The philosophical implications are deep and difficult to grasp. Our perception of reality is much less reflecting reality than it is a product of our imagination based on prior experiences and our models of memory. How is normal consciousness then much different from other, seemingly less faithful productions of our imagination such as dreams? 

Theory: The brain is an entropy-reducing machine. 

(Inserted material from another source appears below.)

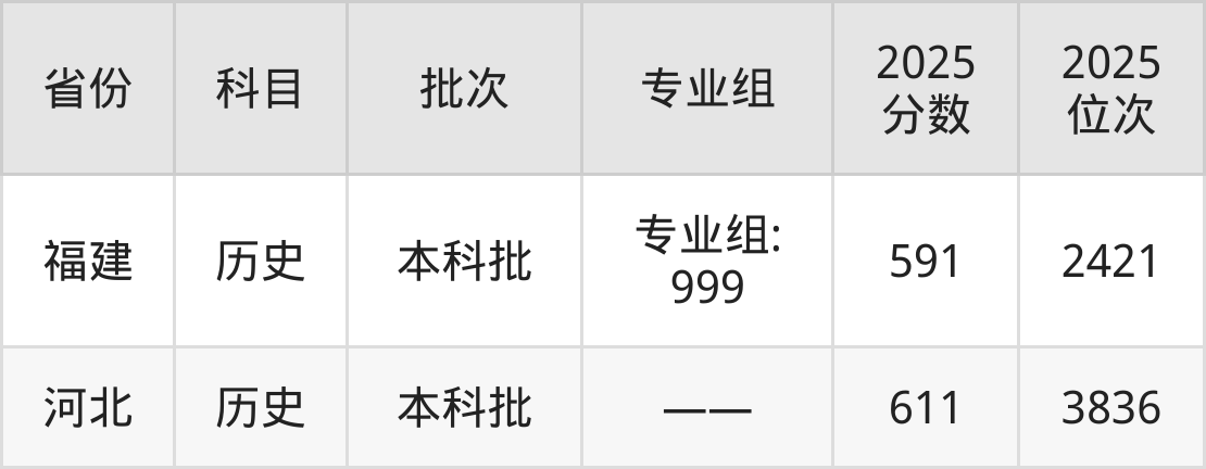 最低录取分数线是591分,对应位次是2421名,招生地区为福建;
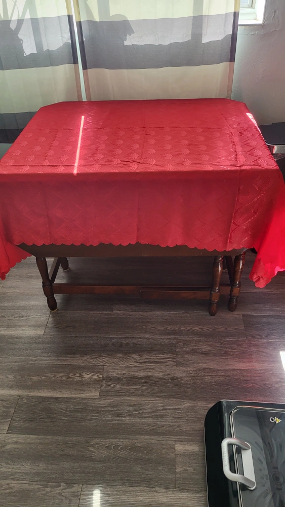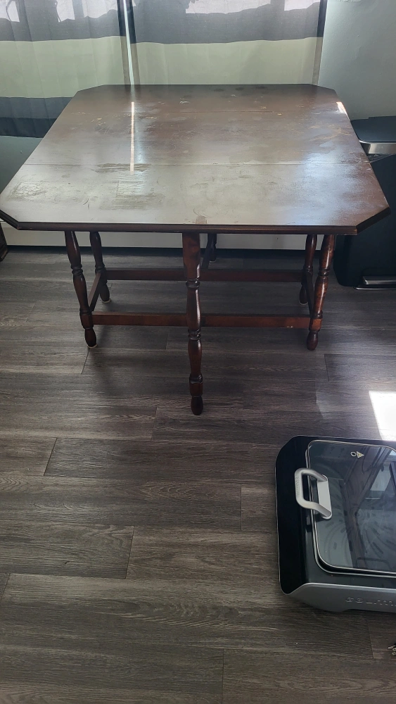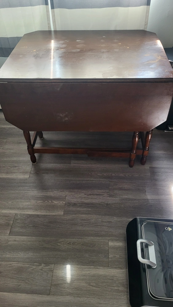 A vintage drop leaf table with a dark wood finish. The table has turned legs and a simple design. The top leaves drop down to make a smaller table. The table has a lower shelf. It would be a great addition to a vintage or farmhouse home. It's ready to be refinished or painted. The table is in used condition and has some marks and scratches.

  • The Entropic Brain: A Theory of Conscious States Informed by Neuroimaging Research with Psychedelic Drugs” (2014). Robin Carhart-harris et al.
  • Suppressing entropy (i.e. uncertainty) serves to increase “realism, foresight, careful reflection and an ability to recognize and overcome wishful and paranoid fantasies” but at the same time “constraints cognition” and exert “a limiting or narrowing influence on consciousness.” 
  • Entropy spectrum to explain psychological “disorders” such as depression, addiction, obsession and eating disorders at the low-end entropy spectrum.
    Carhart-Harris suggests that in the case of depression, the ego “turns on itself and uncontrollable introspection gradually shades our reality.” He cites research that indicates that this state of mind (sometimes called depressive realism or heavy self-consciousness) may be the result of a hyperactive DMN “which can trap us in repetitive and destructive loops”. 
  • For people that suffer from excessively rigid patterns of thought stand to benefit from “the ability of psychedelics to disrupt stereotypical patterns of thought and behaviour by disintegrating the patterns of [neural] activity upon which they rest
  • Psychedelics alter consciousness by disorganizing brain activity and increasing the level of entropy to allow for a more open mode of cognition.

We all have the experience of an entropic brain – as a young child. 

  • Alison Gopnik (Development psychologist at Berkeley) draws the distinction between a spotlight consciousness (adult) and a lantern consciousness (young child). 
  • Comparison to AI research: Low temperature searches (local optimum – nearest or most probable solution) vs. high temperature searches (global optimum). Adult minds most often conduct low temperature searches due to energy efficiency. 
  • “[Children’s] thinking is less constrained by experience so they will try even the most unlikely possibilities.” They “are better learners than adults in many cases where the solution is nonobvious.”